What you should do:
Write out a word-for-word repetition of the lines that come before the line containing "急峻な断崖絶壁の地形にカント" in the listing below, along with that line itself, omitting pictures.

━━━━━ Information shown ━━━━━

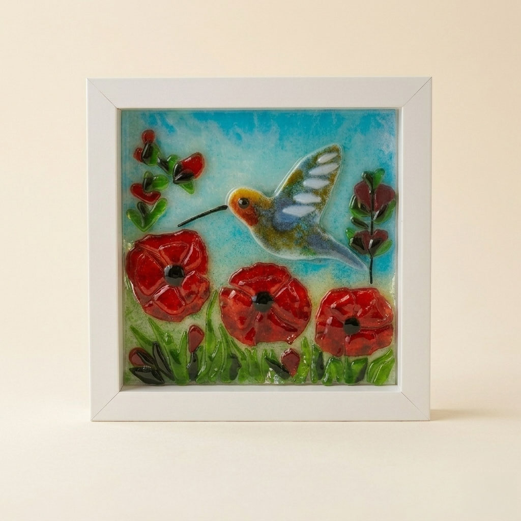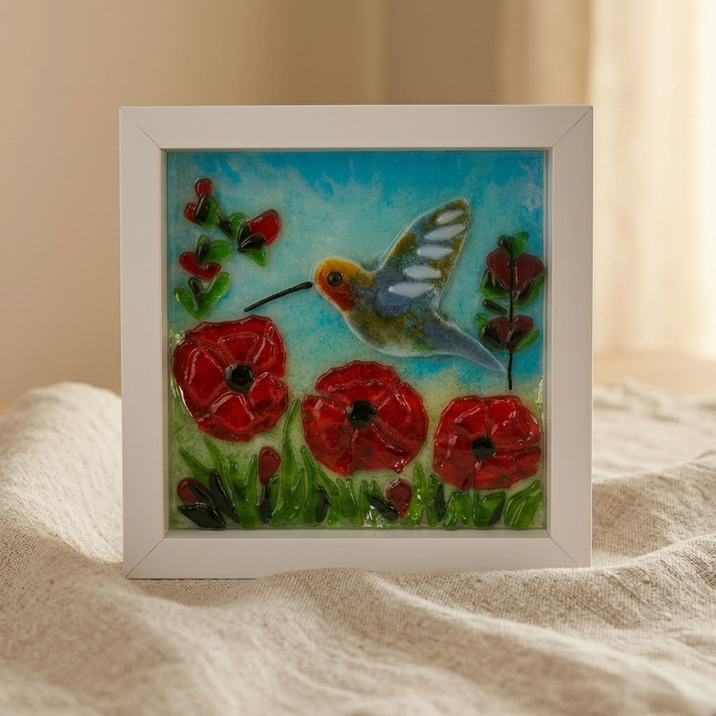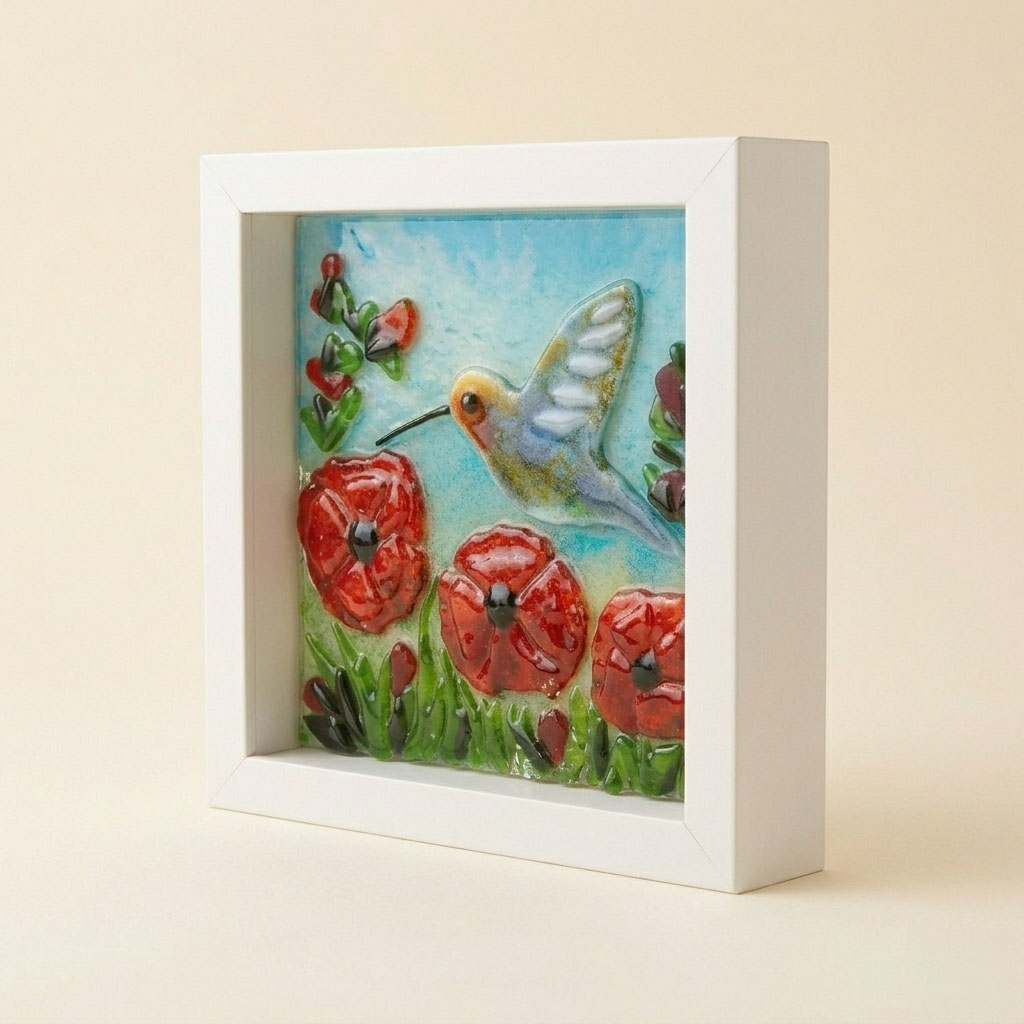 Doğanın en zarif ve hareketli canlılarından biri olan sinek kuşunun (hummingbird) o büyüleyici dansı, füzyon cam sanatının canlı renkleriyle duvarlarınıza taşınıyor. Ferah mavi gökyüzü dokusunun önünde süzülen sinek kuşu figürü, üç boyutlu ve parlak kırmızı gelinciklerle buluşarak evinize adeta bir ilkbahar sabahının taze enerjisini getiriyor.
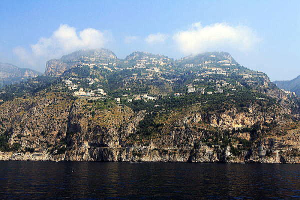 急峻な断崖絶壁の地形にカントーネ、ポジターノ、アマルフィなどのまちがへばりついている
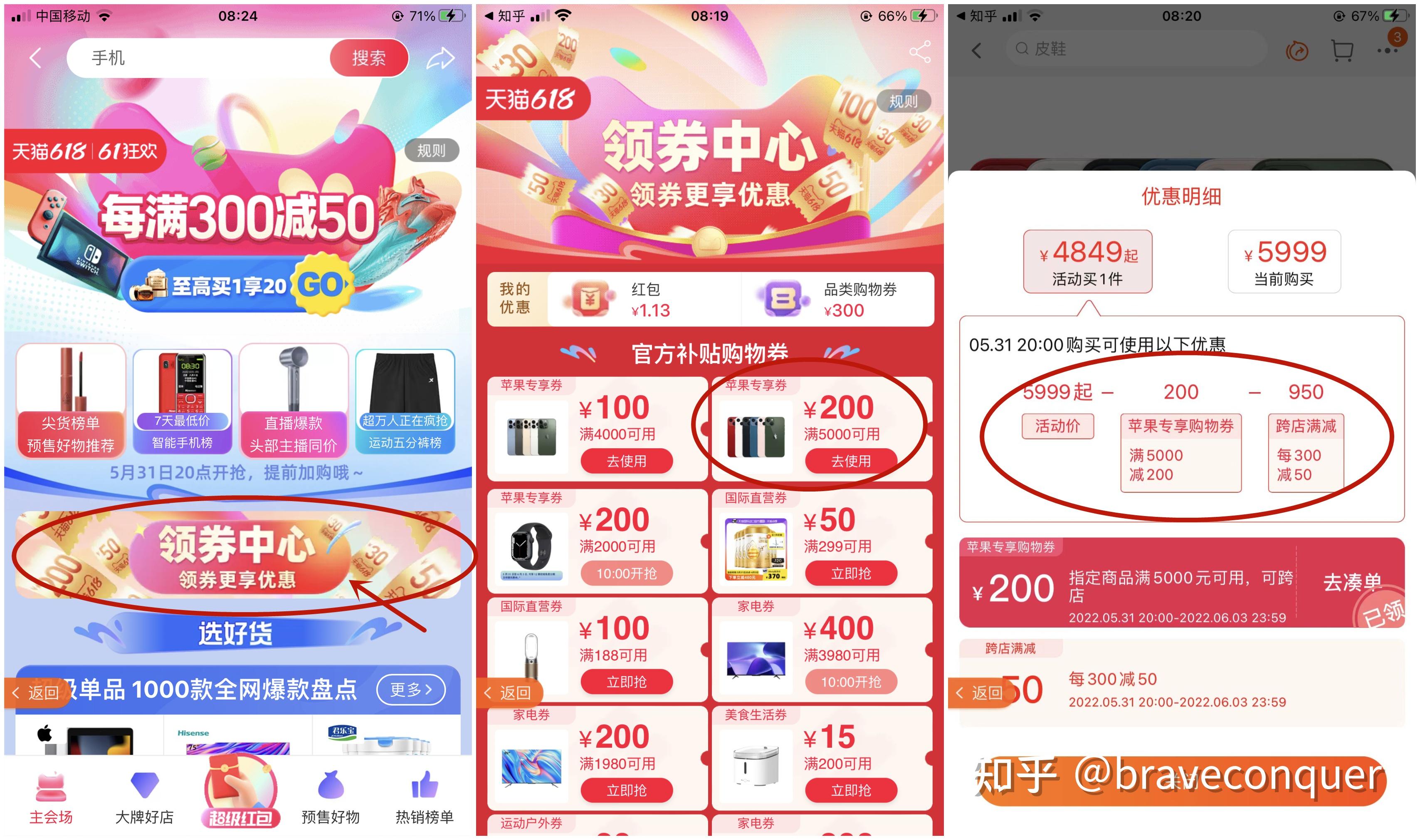 先说在天猫买iPhone手机怎么省钱,天猫这边首先可以先点击下方链接抢完红包后进入主会场,然后按照下图所示从左到右把指定的200元优惠券领了!
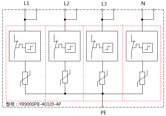 ◆YR9000PB-40/320-4P三相交流電源電涌保護(hù)器接線

━━━━━

Completed exercise:
 Doğanın en zarif ve hareketli canlılarından biri olan sinek kuşunun (hummingbird) o büyüleyici dansı, füzyon cam sanatının canlı renkleriyle duvarlarınıza taşınıyor. Ferah mavi gökyüzü dokusunun önünde süzülen sinek kuşu figürü, üç boyutlu ve parlak kırmızı gelinciklerle buluşarak evinize adeta bir ilkbahar sabahının taze enerjisini getiriyor.
 急峻な断崖絶壁の地形にカントーネ、ポジターノ、アマルフィなどのまちがへばりついている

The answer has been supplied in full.